• TASK TO CARRY OUT
Drop the pictures; give again exactly the lines from the one holding "3月25日,工人在貴州省畢節市黔西市林泉鎮的育苗大棚裏給辣椒苗澆水。新華網 盧志佳 攝" through the end of the data.

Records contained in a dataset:
= Beginning of Section =
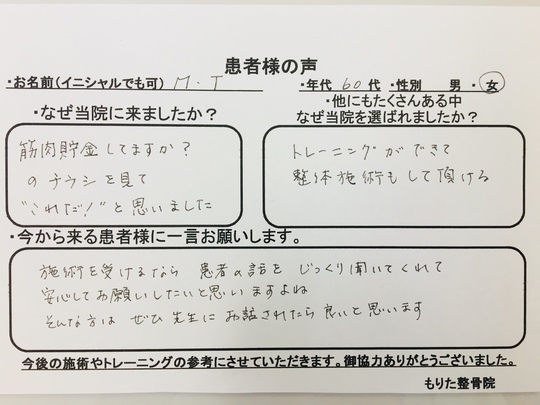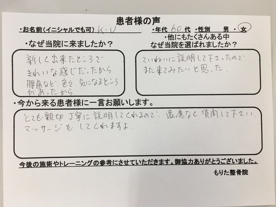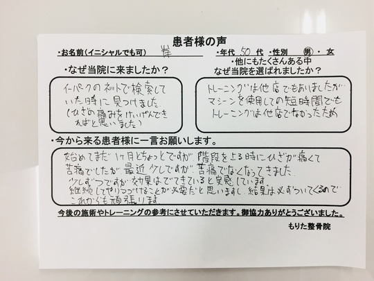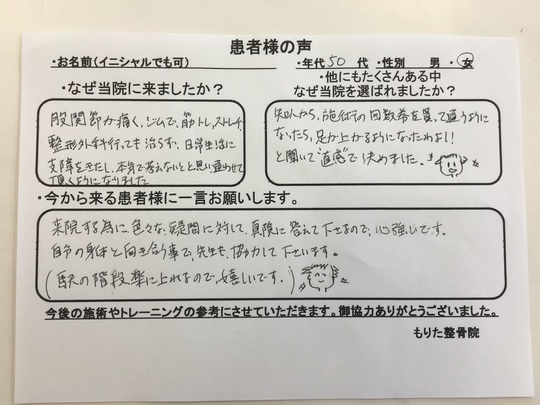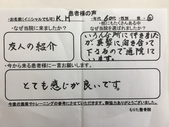 来院するために色々な疑問に対して真剣に答えてくださるので心強いです。自分の身体と向き合うことで先生も協力して下さいます。駅の階段が楽に上がれるので嬉しいです。
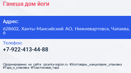 Ганеша, дом йоги по адресу 628602, Ханты-Мансийский АО, Нижневартовск, Чапаева, 6 в дальнейшем Организация, размещена в следующих категориях:
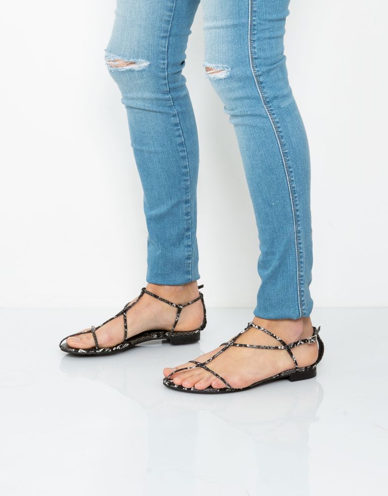 בסנדלים DECEIPT-LO פחות זה יותר: מעוצבים מרצועות דקות דקות עם פרינט מנוחש.
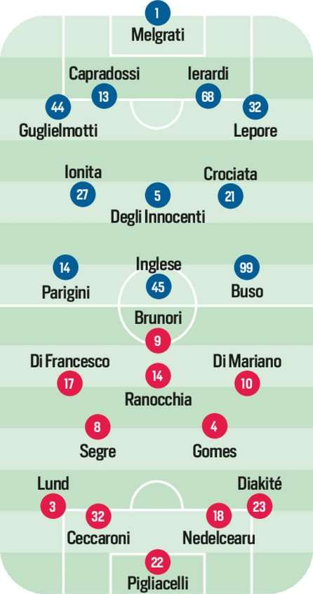 All.: Corini . A disp.: 1 Desplanches, 13 Kanuric, 2 Graves, 25 Buttaro, 31 Aurelio, 20 Vasic, 53 Henderson, 80 Coulibaly, 7 Mancuso, 11 Insigne, 27 Soleri, 70 Traorè. Indisp.: Lucioni. Squal.: Marconi. Diff.: Coulibaly, Lucioni, Di Mariano, Segre, Nedelcearu. Ultime: Ranocchia torna titolare.
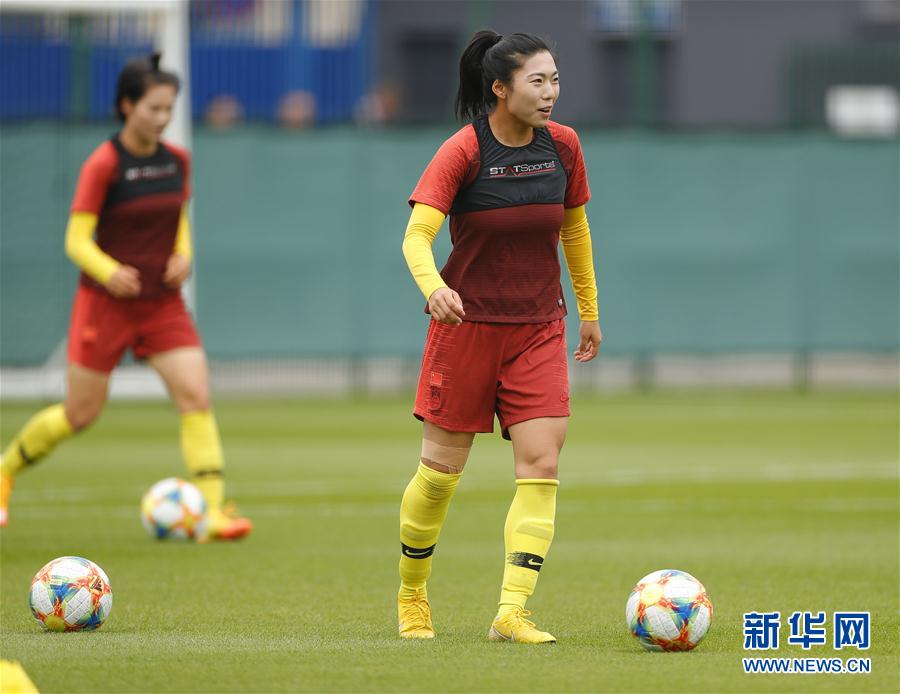 6月15日,中国队队员古雅沙(右)在训练中。 当日,中国女足在法国勒阿弗尔训练,备战2019年国际足联女足世界杯B组小组赛对阵西班牙队的比赛。 新华社记者丁旭摄
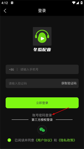 4、在账号密码登录界面,填写手机号和密码,点击登录按钮完成登录。
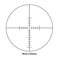 Le réticule MOA-2 a été conçu en 2011 et est devenu le réticule le plus populaire de la gamme Sightron. Le réticule peut être utilisé pour le tir sur cible à courte et longue portée. Le réticule comporte un réticule en croix fin avec un point lumineux au centre ouvert et des marques de hachage le long des 4 quadrants du réticule par incréments de 2 MOA.
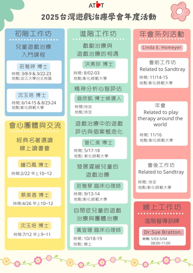 [轉知]遊戲治療學會2025年相關系列活動資訊 更多資訊請參考學會網站公告(https://www.atpt.org.tw /news-id-196)。
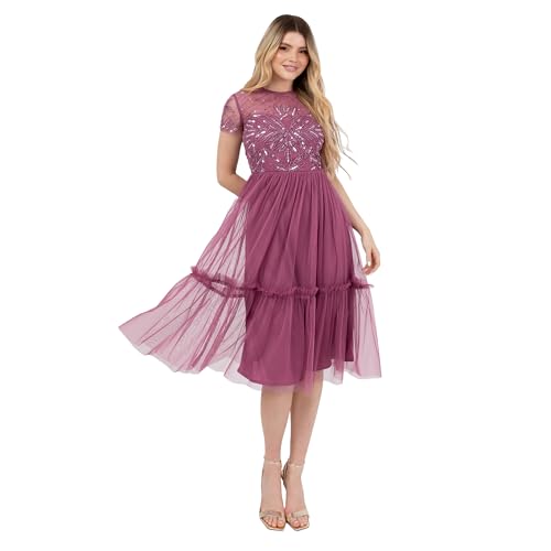 Maya Deluxe Midiklänning för kvinnor, paljett embellished kortärmad ruffle för bröllop, gäst, bridesmaid, evenemang, bal, vine, 54, vin, 54 SE
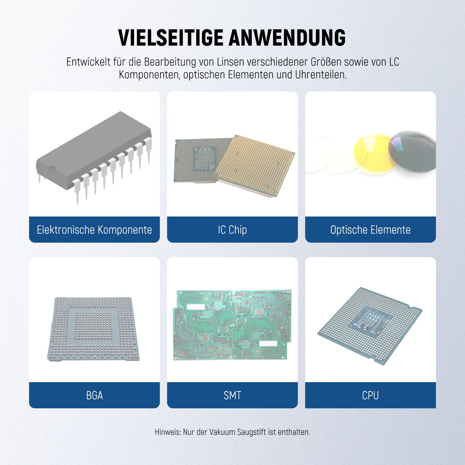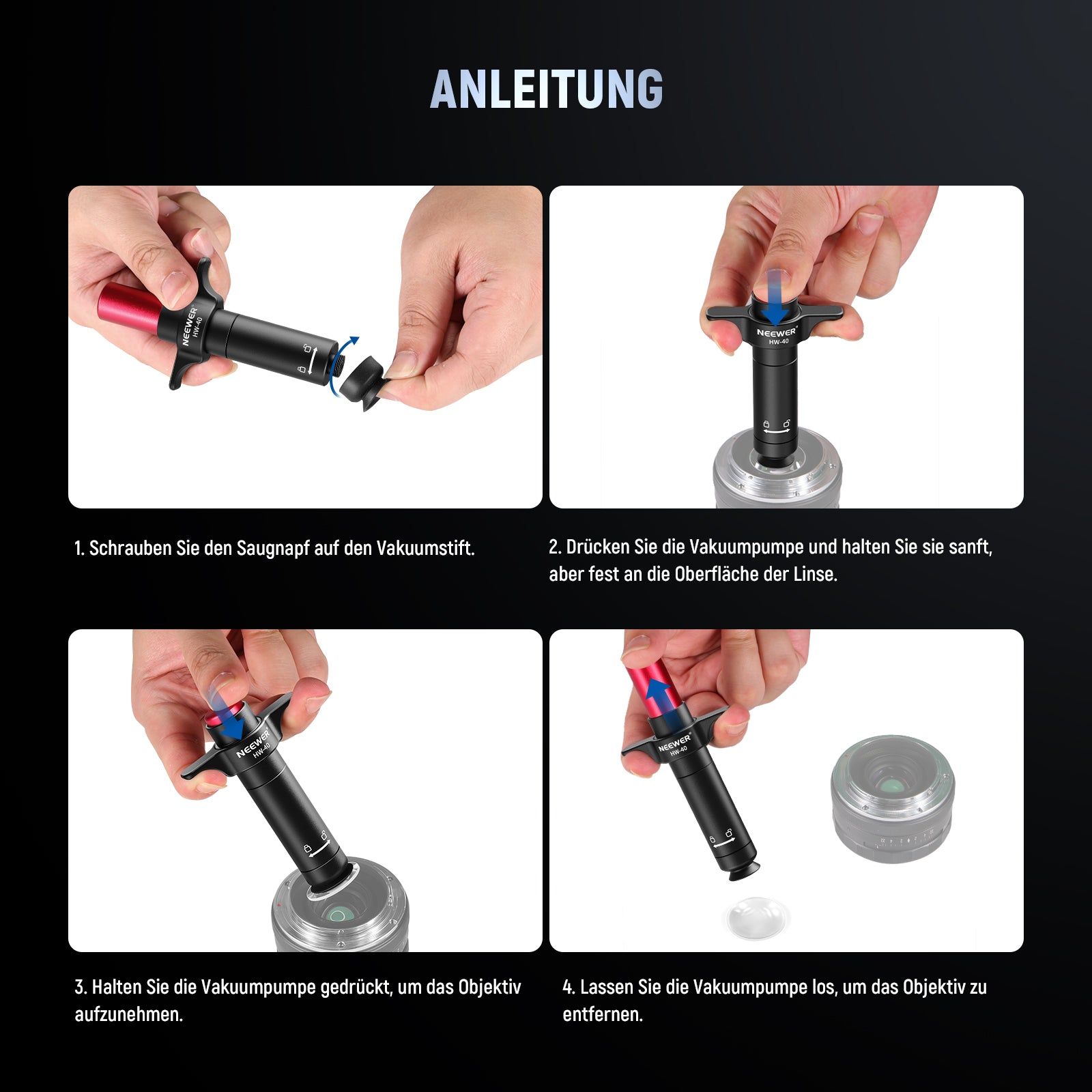 - Hohe Vakuum Saugleistung- Der Vakuumstift und die Saugnäpfe bieten eine ausreichende Saugkraft. Drücken Sie die Vakuumpumpe, um die Oberfläche des Objektivs anzusaugen, heben Sie es vorsichtig auf und lassen Sie es dann los, damit das Objekt in die richtige Position fällt. Hinweis: Halten Sie die Pumpe während des gesamten Prozesses gedrückt, um eine sichere Absaugung zu gewährleisten
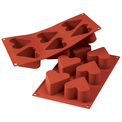 Heart Baking Mold, 6-count, 4-3/8 oz. (130 ml), 2-1/2" dia. x 1-1/2"H, silicone
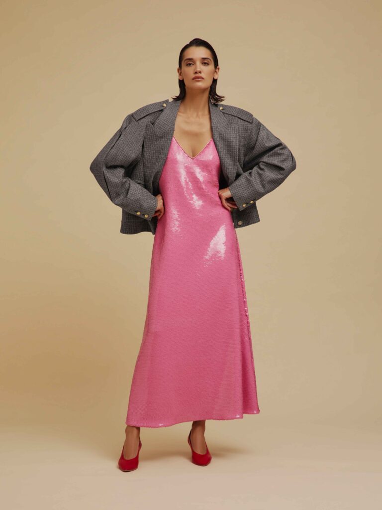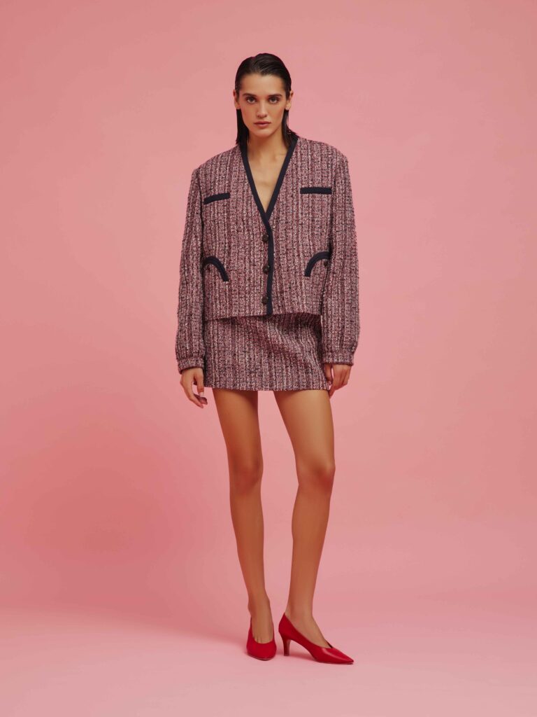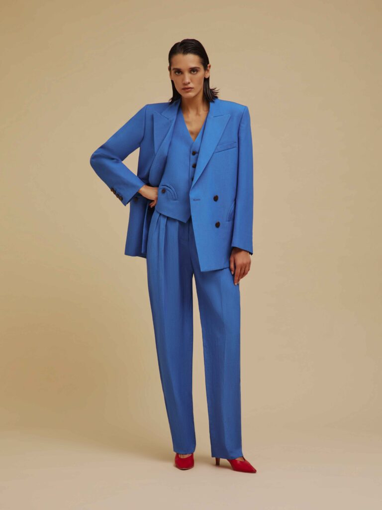 A colorarsi di rosso è anche il beachwear, introdotto in collezione da questa stagione estiva: il bikini si arricchisce di una placca tartarugata, mentre il modello intero ha una sgambatura e uno scollo profondo, a riecheggiare l’estetica degli Anni 80, quando persino la principessa Carolina di Monaco si faceva fotografare da Helmut Newton, immersa in una piscina, i capelli bagnati tirati all’indietro, il viso imperlato d’acqua e un collier prezioso a incorniciarne la bellezza aristocratica, algida e però venata di malia. Il tributo agli Anni 80 riecheggia nei volumi boxy delle giacche, come la Lola Jacket, bolero con revers maschili, e nelle gonne strette in vita con abbottonatura centrale, con pence profonde, così come negli Shamo bolero melange e maxi bottoni dorati. La contemporaneità risultante è figlia della scelta dei tessuti naturali, lini, sete e viscose dalla morbidezza fluida, indossabile senza sforzo 24/7, dall’ufficio al beach club. È il caso del gessato estivo con righe color salvia, in lino, viscosa e seta, declinato nel modello Everyday blazer sfoderato, da indossare con gli Husul shorts, così come nell’Everynight blazer in seta, lino e cotone, che richiama il tessuto operato degli asciugamani da sfoggiare sulla riva.
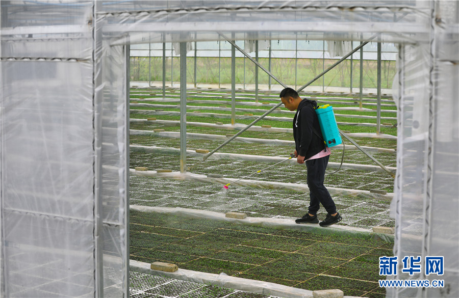 3月25日,工人在貴州省畢節市黔西市林泉鎮的育苗大棚裏給辣椒苗澆水。新華網 盧志佳 攝
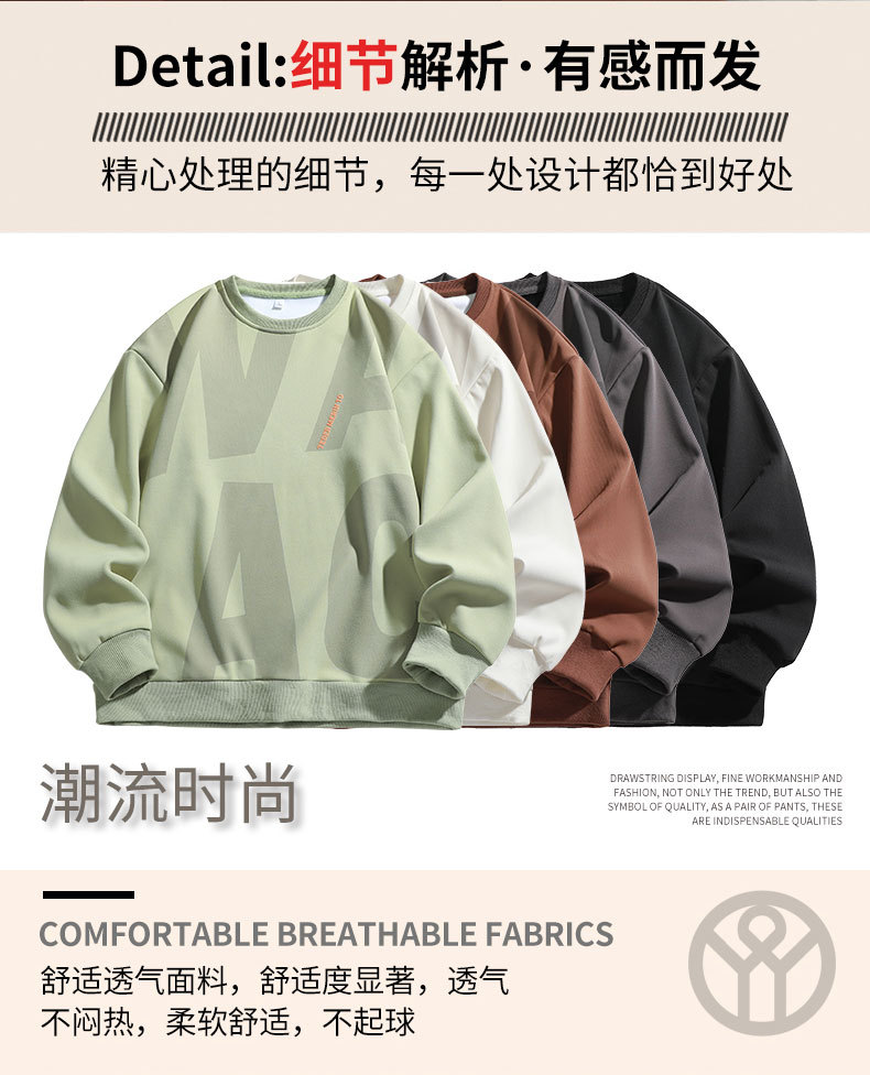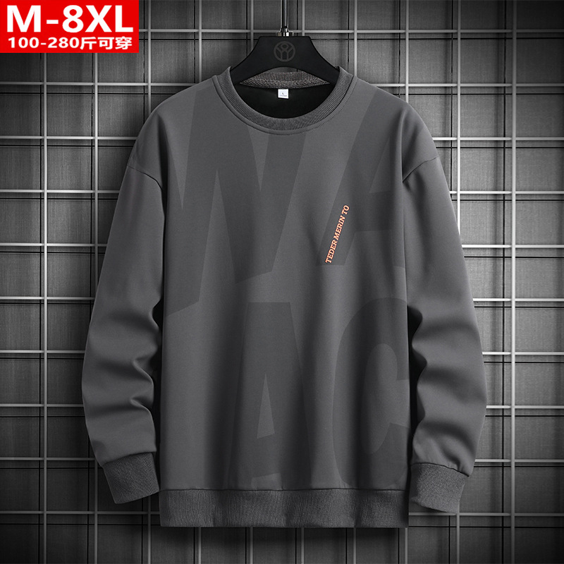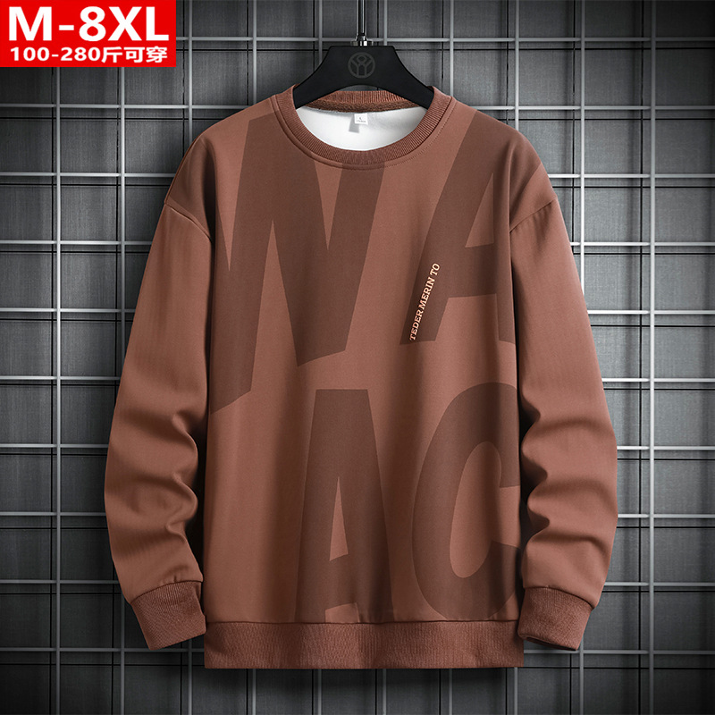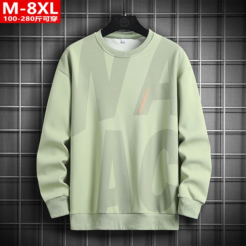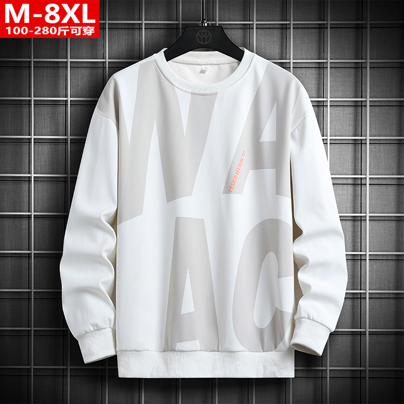 봄과 가을 유행 홍콩 스타일 남자의 인쇄 라운드 넥 니트 스웨터 통통한 대형 플러스 사이즈 느슨한 스포츠 캐주얼 탑스토어 가기
= End of Section =
• RESULT FOR THIS EXERCISE
 3月25日,工人在貴州省畢節市黔西市林泉鎮的育苗大棚裏給辣椒苗澆水。新華網 盧志佳 攝
 봄과 가을 유행 홍콩 스타일 남자의 인쇄 라운드 넥 니트 스웨터 통통한 대형 플러스 사이즈 느슨한 스포츠 캐주얼 탑스토어 가기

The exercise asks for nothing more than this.